Przejdź do głównych treściPrzejdź do wyszukiwarkiPrzejdź do głównego menu
Reklama
czwartek, 12 grudnia 2024 06:43
Reklama KD Market

Przemoc? / Violence?  

Lynchburg fot. Visit Lynchburg, Virginia/Facebook

W ubiegłym tygodniu napisałem felieton o przemocy w Chicago.

Pisząc go, pomyślałem o przemocy. Zacząłem się zastanawiać, jak zdefiniować przemoc, skąd ona pochodzi i co możemy z tym zrobić.

Teraz mieszkam w Lynchburg, w małej miejscowości w stanie Virginia. To miasteczko zamieszkuje około 82 tysiące ludzi. To mniej więcej tyle, ile w moich starych dzielnicach w Chicago – Humboldt Park i Wicker Park razem wziętych. Jak wspomniałem, Lynchburg jest małym miasteczkiem, ale nawet będąc małym, ciągle obecna jest tutaj przemoc. 

Dam wam kilka przykładów.

Moja wnuczka jest uczennicą pierwszej klasy w jednej z dwóch tutejszych szkół średnich. Jak do tej pory w tym roku czwórka młodych ludzi w jej wieku została postrzelona w Lynchburg. Dwoje nie żyje. Możecie sobie wyobrazić, jak bardzo martwimy się o naszą wnuczkę. 

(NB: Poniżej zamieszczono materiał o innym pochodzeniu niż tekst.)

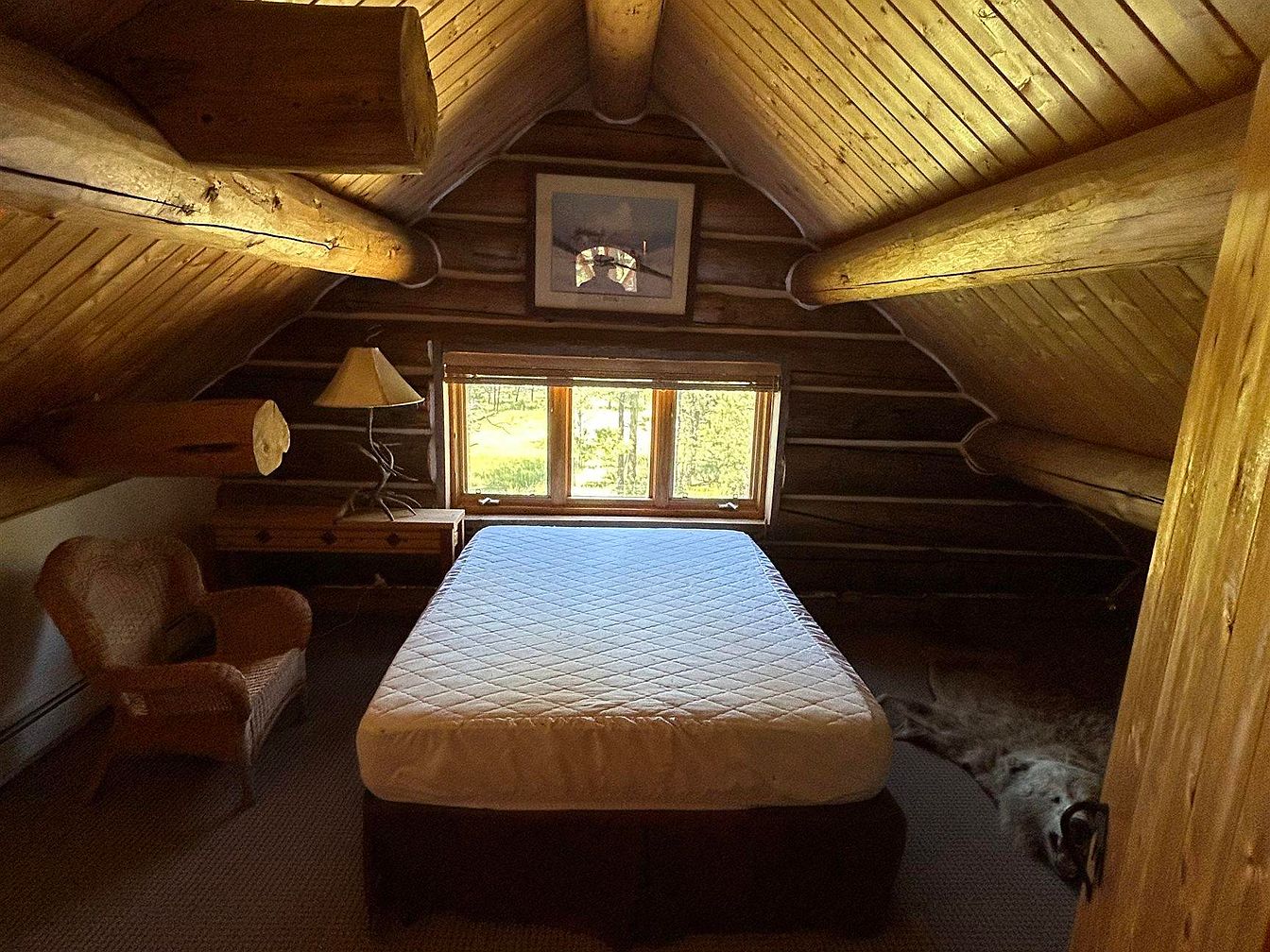 A cozy loft bedroom featuring a sloped wooden ceiling with exposed beams and log walls, enhancing its rustic aesthetic. Natural light streams through a small window, framing a natural vista outside. A simple bed with a quilted white mattress occupies the center, complemented by a rustic wooden headboard. A small wooden nightstand holds a stylish lamp, adding a functional touch. In the corner, a woven armchair invites relaxation. The floor is carpeted, softening the wooden elements and providing comfort. This intimate space blends traditional craftsmanship with natural charm, ideal for restful retreats.
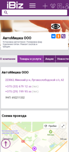 | AI-анализ | The website is for the Belarusian company 'AvtoMishka OOO', which offers automotive services including installation of windshields, car paint polishing, stain removal, and repair of cracks and chips. The business is located in the Lugovoslobodskoye rural settlement, 62, in the Minsk region of Belarus. The contact numbers for the company are +375 (33) 679 12 xx and +375 (29) 199 95 xx. The company's Unified State Register number is 692211332. The website also provides a map and information on opening hours, which are from 09:00 to 18:00, Monday to Friday, with weekends being a day off. The website is part of |
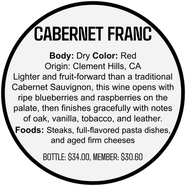 Lighter and fruit-forward than a traditional Cabernet Sauvignon, this wine opens with ripe blueberries and raspberries on the palate, then finishes gracefully with notes of oak, vanilla, tobacco, and leather.
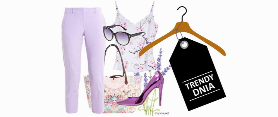 Fiolet to barwa, którą Instytut Pantone ogłosił kolorem tego roku. W codziennych outfitach często okazuje się on jednak trendem trudnym do wdrożenia, szczególnie, jeśli nie chcemy być odebrane przez otoczenie jako ekscentryczki. Dzisiejsza stylizacja jest przykładem oryginalnego i jednocześnie dziewczęcego, romantycznego zestawienia różnych jego odcieni w odpowiednich proporcjach! Najmocniejszym akcentem są tu metaliczne ultrafioletowe szpilki, które dodają pazura kwiatowej bluzeczce z falą na dekolcie i cygaretkom w odcieniu pastelowego fioletu. Całość ciekawie uzupełniają ciemne okulary o fioletowych szkłach i duża wzorzysta shopperka rodem z hinduskiego bazaru. Zakładając taki zestaw w słoneczny letni dzień możemy wprost z ulicy miasta przenieść się na lawendowe wzgórza Prowansji. Komplet sprawdzi się świetnie zarówno w pracy, jak i na spotkaniu z przyjaciółką, podczas solowego wypadu do kawiarni, gdzie w spokoju czytamy kobiece pisma, na targach rękodzieła czy na urodzinach koleżanki. Tajemnica i mistycyzm, od wieków zawierające się w fioletowej barwie dodadzą całej stylizacji aury odrealnienia!
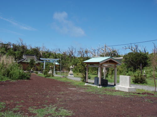 この神社へは大きな白い鳥居をくぐって向かいます。
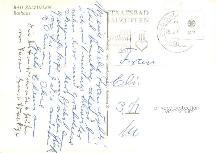 72987857 alte Postkarte Bad Salzuflen Rathaus Apotheke Tuerschild postalisch gelaufen Erhaltung siehe scans [FriedD77] KatCode: 11110005766008
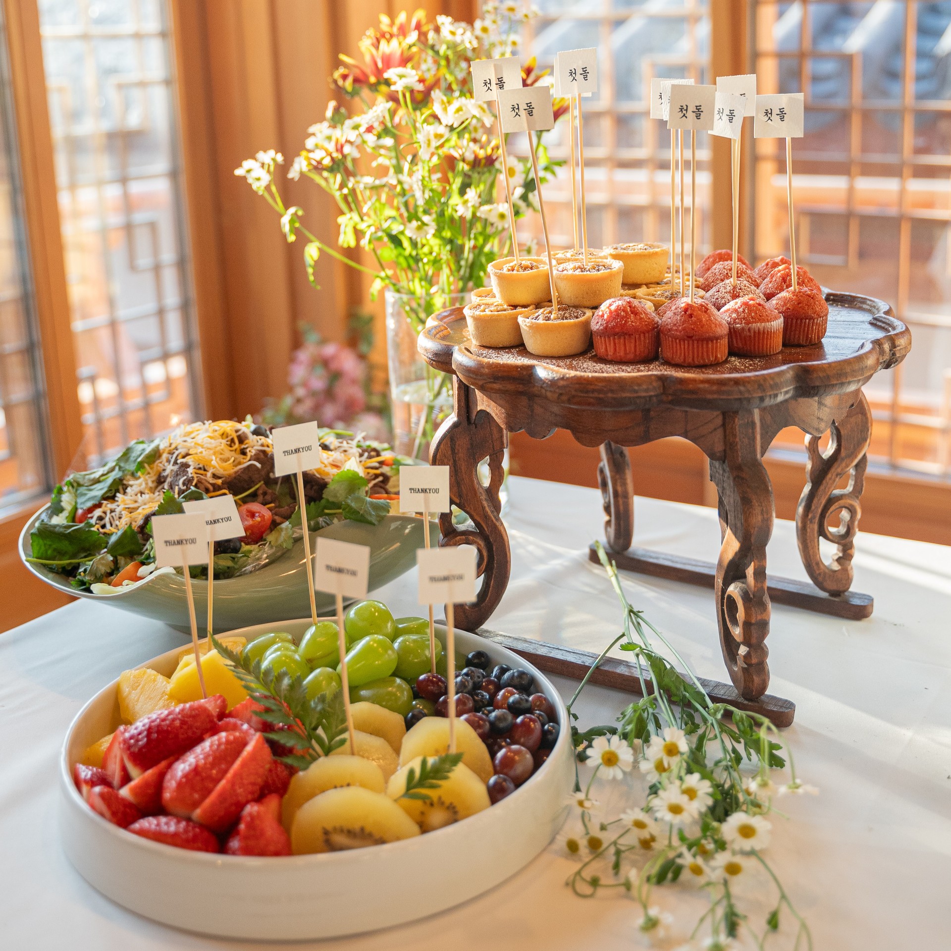 전통의 격과 한옥의 빛을 담아 완성한 식사 차림전통 공예 도자기와 대통령상 수상 식기로 품격을 더합니다

Ostatnio w jej szkole wydarzyło się coś jeszcze, co również bardzo nas zaniepokoiło.

W poniedziałek, 11 września, w rocznicę wydarzeń 9/11, moja żona i ja jedliśmy śniadanie, kiedy zadzwoniła nasza córka. Powiedziała nam, że szkoła naszej wnuczki, Lucy, została zamknięta, ponieważ jest zagrożenie podłożenia bomby, a ona wraz z resztą uczniów została ewakuowana na pobliskie boisko baseballowe. Szkoła poprosiła rodziców uczniów, aby przyjechali zabrać swoje dzieci, podczas gdy policja i straż przeszukują budynek w poszukiwaniu bomby. 

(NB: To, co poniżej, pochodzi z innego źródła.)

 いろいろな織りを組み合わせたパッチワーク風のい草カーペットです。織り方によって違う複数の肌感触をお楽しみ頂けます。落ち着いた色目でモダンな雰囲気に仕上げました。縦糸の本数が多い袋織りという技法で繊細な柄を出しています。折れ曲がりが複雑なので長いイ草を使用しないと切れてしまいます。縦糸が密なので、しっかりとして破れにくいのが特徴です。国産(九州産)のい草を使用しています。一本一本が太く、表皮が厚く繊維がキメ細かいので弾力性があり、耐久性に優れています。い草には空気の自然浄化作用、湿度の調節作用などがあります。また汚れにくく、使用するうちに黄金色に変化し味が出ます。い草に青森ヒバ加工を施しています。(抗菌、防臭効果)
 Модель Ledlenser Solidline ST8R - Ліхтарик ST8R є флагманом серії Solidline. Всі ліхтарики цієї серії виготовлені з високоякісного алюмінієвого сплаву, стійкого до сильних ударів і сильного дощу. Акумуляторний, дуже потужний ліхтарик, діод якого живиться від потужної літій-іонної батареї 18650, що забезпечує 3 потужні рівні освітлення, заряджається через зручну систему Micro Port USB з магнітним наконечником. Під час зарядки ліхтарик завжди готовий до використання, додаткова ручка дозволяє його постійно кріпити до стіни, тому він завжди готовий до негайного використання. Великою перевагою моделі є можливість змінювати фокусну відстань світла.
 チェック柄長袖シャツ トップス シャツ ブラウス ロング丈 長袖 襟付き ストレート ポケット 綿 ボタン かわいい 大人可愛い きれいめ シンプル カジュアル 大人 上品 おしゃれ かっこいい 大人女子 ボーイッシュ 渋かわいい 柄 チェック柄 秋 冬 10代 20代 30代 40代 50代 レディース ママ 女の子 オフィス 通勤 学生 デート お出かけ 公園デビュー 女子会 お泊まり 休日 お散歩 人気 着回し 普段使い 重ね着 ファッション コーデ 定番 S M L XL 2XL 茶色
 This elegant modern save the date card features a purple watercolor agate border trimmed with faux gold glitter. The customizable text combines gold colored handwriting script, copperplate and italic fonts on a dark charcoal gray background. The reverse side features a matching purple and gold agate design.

Biorąc pod uwagę datę 11 września, nie mogliśmy powstrzymać się od wyobrażenia sobie, że zagrożenie bombowe było podobne do ataku na Bliźniacze Wieże w 2001 roku (ang. Twin Towers – WTC), więc natychmiast opuściliśmy nasz dom i pojechaliśmy do liceum. Ruch był straszny. W szkole uczy się około 1400 uczniów, i doszliśmy do wniosku, że tymi wszystkimi samochodami, które próbowaliśmy wyprzedzić, jechali rodzice i dziadkowie, śpiesząc się jak my, aby dostać się do szkoły, zanim eksploduje bomba.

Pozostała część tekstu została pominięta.